## [To do]
Below are the records; copy each line in which "home" can be found.

Start of Record set

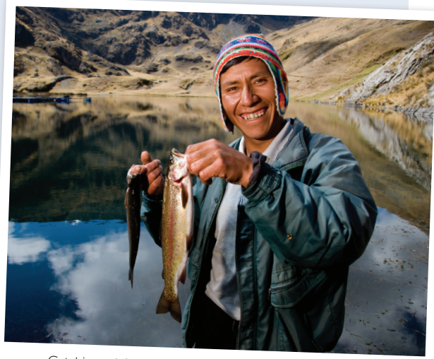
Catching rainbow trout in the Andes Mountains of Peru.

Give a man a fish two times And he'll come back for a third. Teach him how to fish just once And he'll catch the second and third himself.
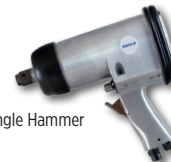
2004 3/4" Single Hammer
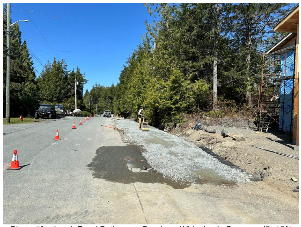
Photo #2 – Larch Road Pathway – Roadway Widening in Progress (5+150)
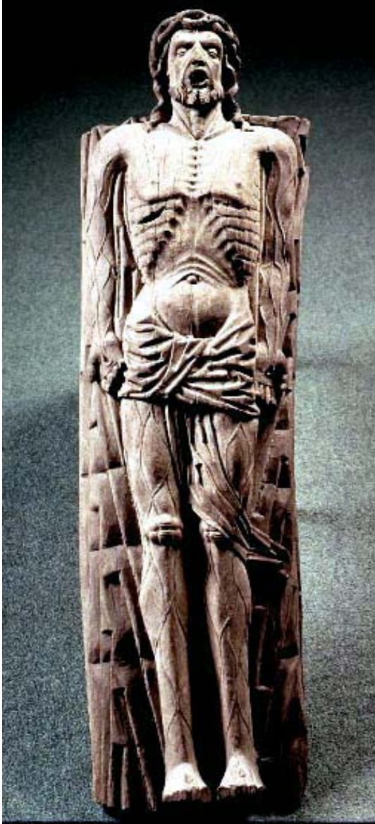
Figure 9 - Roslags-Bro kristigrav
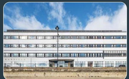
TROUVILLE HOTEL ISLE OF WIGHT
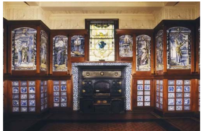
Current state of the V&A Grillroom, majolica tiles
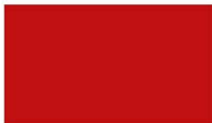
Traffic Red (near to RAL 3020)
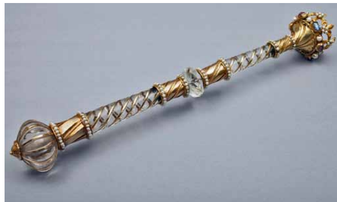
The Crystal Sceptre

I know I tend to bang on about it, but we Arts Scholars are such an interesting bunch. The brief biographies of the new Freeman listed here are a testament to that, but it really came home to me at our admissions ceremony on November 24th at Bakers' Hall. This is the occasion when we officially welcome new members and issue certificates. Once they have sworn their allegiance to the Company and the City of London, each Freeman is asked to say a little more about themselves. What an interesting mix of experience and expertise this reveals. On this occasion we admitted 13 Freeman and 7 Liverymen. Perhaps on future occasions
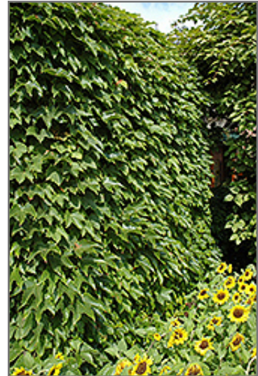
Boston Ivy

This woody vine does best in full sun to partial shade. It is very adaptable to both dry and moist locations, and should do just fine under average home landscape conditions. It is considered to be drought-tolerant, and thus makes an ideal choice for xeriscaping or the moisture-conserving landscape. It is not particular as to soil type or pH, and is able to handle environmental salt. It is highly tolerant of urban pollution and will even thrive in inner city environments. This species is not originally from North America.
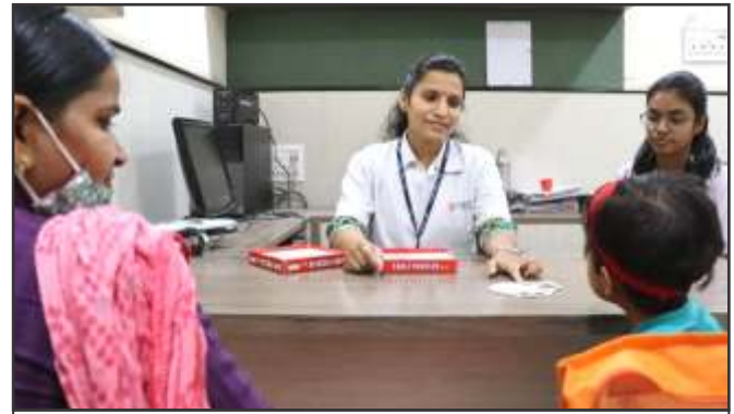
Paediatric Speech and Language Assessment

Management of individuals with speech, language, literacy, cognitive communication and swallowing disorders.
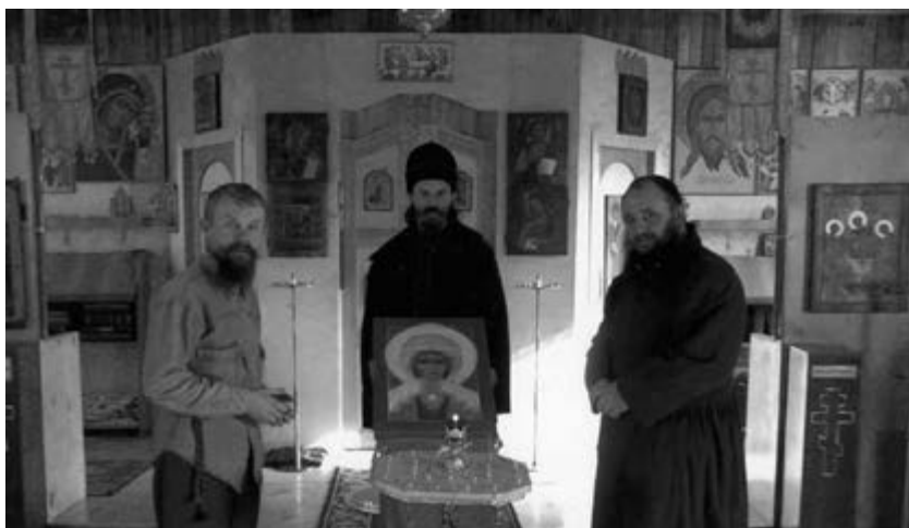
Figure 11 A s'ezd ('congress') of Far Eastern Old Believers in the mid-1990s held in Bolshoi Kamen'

End of Record set

## [Reply]
I know I tend to bang on about it, but we Arts Scholars are such an interesting bunch. The brief biographies of the new Freeman listed here are a testament to that, but it really came home to me at our admissions ceremony on November 24th at Bakers' Hall. This is the occasion when we officially welcome new members and issue certificates. Once they have sworn their allegiance to the Company and the City of London, each Freeman is asked to say a little more about themselves. What an interesting mix of experience and expertise this reveals. On this occasion we admitted 13 Freeman and 7 Liverymen. Perhaps on future occasions
This woody vine does best in full sun to partial shade. It is very adaptable to both dry and moist locations, and should do just fine under average home landscape conditions. It is considered to be drought-tolerant, and thus makes an ideal choice for xeriscaping or the moisture-conserving landscape. It is not particular as to soil type or pH, and is able to handle environmental salt. It is highly tolerant of urban pollution and will even thrive in inner city environments. This species is not originally from North America.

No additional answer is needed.